▶ ACTIVITY
Pictures excluded, reproduce exactly the lines below from the one with "圆形织物试样在一定的压力下,与标准磨料按" through the one with "Posteriormente, se muestra", both included.

▶ RECORDS SHOWN
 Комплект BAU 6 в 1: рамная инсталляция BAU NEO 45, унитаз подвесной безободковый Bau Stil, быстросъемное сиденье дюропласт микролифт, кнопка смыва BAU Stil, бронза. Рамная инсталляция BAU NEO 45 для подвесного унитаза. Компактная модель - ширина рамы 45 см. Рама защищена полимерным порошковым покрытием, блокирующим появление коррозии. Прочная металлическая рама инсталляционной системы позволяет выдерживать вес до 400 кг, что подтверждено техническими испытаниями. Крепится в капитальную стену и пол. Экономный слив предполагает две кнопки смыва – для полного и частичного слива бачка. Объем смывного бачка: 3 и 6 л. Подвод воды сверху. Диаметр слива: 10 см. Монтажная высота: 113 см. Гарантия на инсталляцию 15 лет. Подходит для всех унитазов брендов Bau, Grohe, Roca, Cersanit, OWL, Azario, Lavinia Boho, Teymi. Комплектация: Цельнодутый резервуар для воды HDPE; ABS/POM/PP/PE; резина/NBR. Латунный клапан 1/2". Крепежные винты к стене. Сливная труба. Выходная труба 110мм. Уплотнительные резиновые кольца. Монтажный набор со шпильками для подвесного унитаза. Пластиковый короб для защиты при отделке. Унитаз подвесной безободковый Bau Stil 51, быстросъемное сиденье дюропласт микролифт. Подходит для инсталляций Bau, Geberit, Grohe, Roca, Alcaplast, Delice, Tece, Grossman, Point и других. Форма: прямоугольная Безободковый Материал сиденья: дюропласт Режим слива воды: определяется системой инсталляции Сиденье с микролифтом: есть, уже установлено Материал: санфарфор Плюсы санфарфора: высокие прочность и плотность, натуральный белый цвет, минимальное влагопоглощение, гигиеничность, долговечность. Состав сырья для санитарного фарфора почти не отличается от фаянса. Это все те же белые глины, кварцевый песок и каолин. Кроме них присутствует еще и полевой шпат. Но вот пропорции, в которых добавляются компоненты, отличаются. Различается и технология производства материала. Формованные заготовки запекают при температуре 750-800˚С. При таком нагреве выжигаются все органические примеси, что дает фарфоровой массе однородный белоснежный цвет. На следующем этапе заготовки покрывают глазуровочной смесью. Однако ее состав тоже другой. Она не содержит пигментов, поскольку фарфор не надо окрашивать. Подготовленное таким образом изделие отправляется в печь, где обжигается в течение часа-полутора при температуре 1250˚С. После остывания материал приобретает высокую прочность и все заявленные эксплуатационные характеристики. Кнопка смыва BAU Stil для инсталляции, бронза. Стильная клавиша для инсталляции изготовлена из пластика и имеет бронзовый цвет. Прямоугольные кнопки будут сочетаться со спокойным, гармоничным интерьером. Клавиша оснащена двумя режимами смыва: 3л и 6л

--

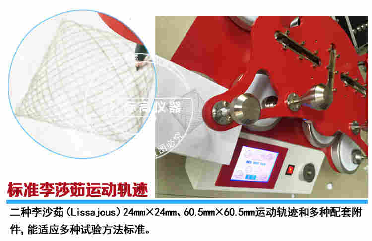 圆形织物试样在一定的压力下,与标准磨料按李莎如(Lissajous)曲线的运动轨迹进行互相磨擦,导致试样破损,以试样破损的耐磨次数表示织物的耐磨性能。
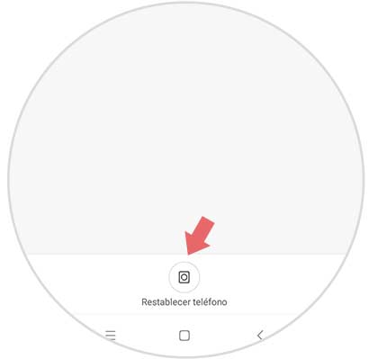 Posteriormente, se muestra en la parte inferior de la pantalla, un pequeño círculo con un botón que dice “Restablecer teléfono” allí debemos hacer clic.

▶ TASK OUTPUT
 圆形织物试样在一定的压力下,与标准磨料按李莎如(Lissajous)曲线的运动轨迹进行互相磨擦,导致试样破损,以试样破损的耐磨次数表示织物的耐磨性能。
 Posteriormente, se muestra en la parte inferior de la pantalla, un pequeño círculo con un botón que dice “Restablecer teléfono” allí debemos hacer clic.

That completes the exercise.